Instructions to follow
Would you retype the whole listing exactly, leaving its pictures out?

Data section
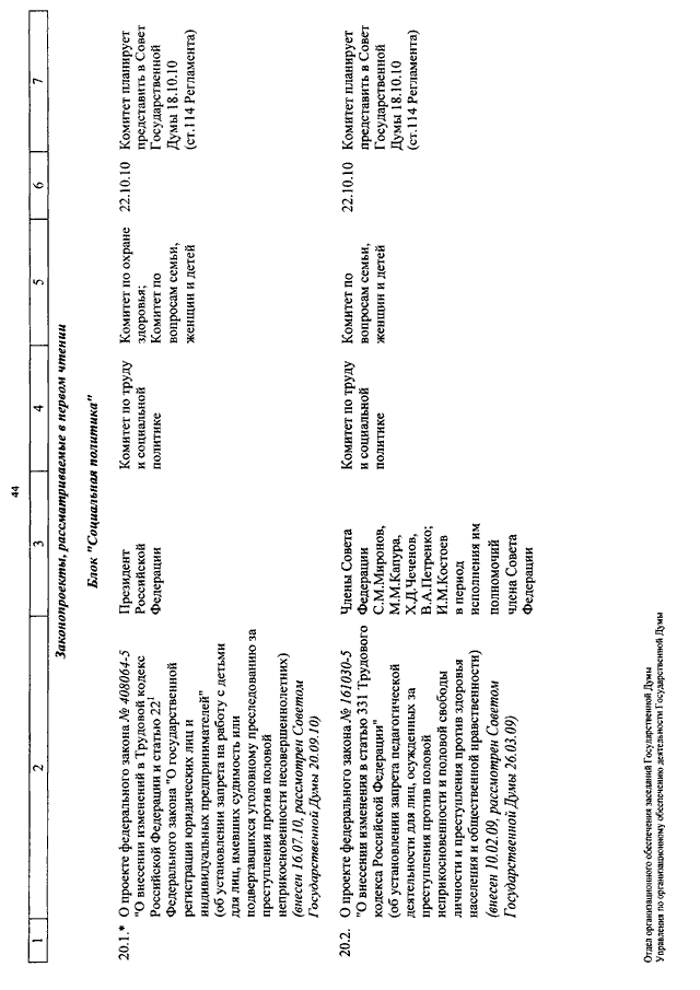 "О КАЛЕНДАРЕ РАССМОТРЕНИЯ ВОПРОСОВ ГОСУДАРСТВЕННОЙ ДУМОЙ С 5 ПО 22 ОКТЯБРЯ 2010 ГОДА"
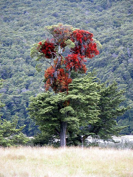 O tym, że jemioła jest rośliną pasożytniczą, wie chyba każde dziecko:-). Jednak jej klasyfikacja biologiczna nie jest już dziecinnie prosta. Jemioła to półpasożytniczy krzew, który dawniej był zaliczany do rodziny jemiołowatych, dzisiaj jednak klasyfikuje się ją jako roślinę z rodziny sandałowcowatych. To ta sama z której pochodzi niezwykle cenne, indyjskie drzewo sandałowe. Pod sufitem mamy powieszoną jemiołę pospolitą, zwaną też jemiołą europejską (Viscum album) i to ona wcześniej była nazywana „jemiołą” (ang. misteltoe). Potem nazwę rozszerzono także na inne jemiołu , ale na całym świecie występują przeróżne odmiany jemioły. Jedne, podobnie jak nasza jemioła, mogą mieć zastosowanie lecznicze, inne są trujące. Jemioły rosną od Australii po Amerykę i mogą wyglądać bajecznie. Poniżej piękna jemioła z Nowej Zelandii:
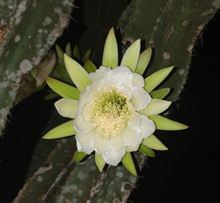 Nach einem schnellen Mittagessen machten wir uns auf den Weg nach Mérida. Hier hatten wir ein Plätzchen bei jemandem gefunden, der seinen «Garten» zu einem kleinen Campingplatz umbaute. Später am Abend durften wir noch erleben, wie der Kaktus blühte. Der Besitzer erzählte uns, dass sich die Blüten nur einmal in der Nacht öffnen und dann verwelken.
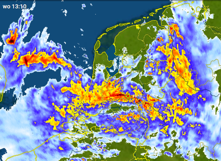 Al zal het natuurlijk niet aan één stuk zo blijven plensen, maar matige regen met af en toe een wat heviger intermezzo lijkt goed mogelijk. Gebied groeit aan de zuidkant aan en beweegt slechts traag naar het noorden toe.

Solution
 "О КАЛЕНДАРЕ РАССМОТРЕНИЯ ВОПРОСОВ ГОСУДАРСТВЕННОЙ ДУМОЙ С 5 ПО 22 ОКТЯБРЯ 2010 ГОДА"
 O tym, że jemioła jest rośliną pasożytniczą, wie chyba każde dziecko:-). Jednak jej klasyfikacja biologiczna nie jest już dziecinnie prosta. Jemioła to półpasożytniczy krzew, który dawniej był zaliczany do rodziny jemiołowatych, dzisiaj jednak klasyfikuje się ją jako roślinę z rodziny sandałowcowatych. To ta sama z której pochodzi niezwykle cenne, indyjskie drzewo sandałowe. Pod sufitem mamy powieszoną jemiołę pospolitą, zwaną też jemiołą europejską (Viscum album) i to ona wcześniej była nazywana „jemiołą” (ang. misteltoe). Potem nazwę rozszerzono także na inne jemiołu , ale na całym świecie występują przeróżne odmiany jemioły. Jedne, podobnie jak nasza jemioła, mogą mieć zastosowanie lecznicze, inne są trujące. Jemioły rosną od Australii po Amerykę i mogą wyglądać bajecznie. Poniżej piękna jemioła z Nowej Zelandii:
 Nach einem schnellen Mittagessen machten wir uns auf den Weg nach Mérida. Hier hatten wir ein Plätzchen bei jemandem gefunden, der seinen «Garten» zu einem kleinen Campingplatz umbaute. Später am Abend durften wir noch erleben, wie der Kaktus blühte. Der Besitzer erzählte uns, dass sich die Blüten nur einmal in der Nacht öffnen und dann verwelken.
 Al zal het natuurlijk niet aan één stuk zo blijven plensen, maar matige regen met af en toe een wat heviger intermezzo lijkt goed mogelijk. Gebied groeit aan de zuidkant aan en beweegt slechts traag naar het noorden toe.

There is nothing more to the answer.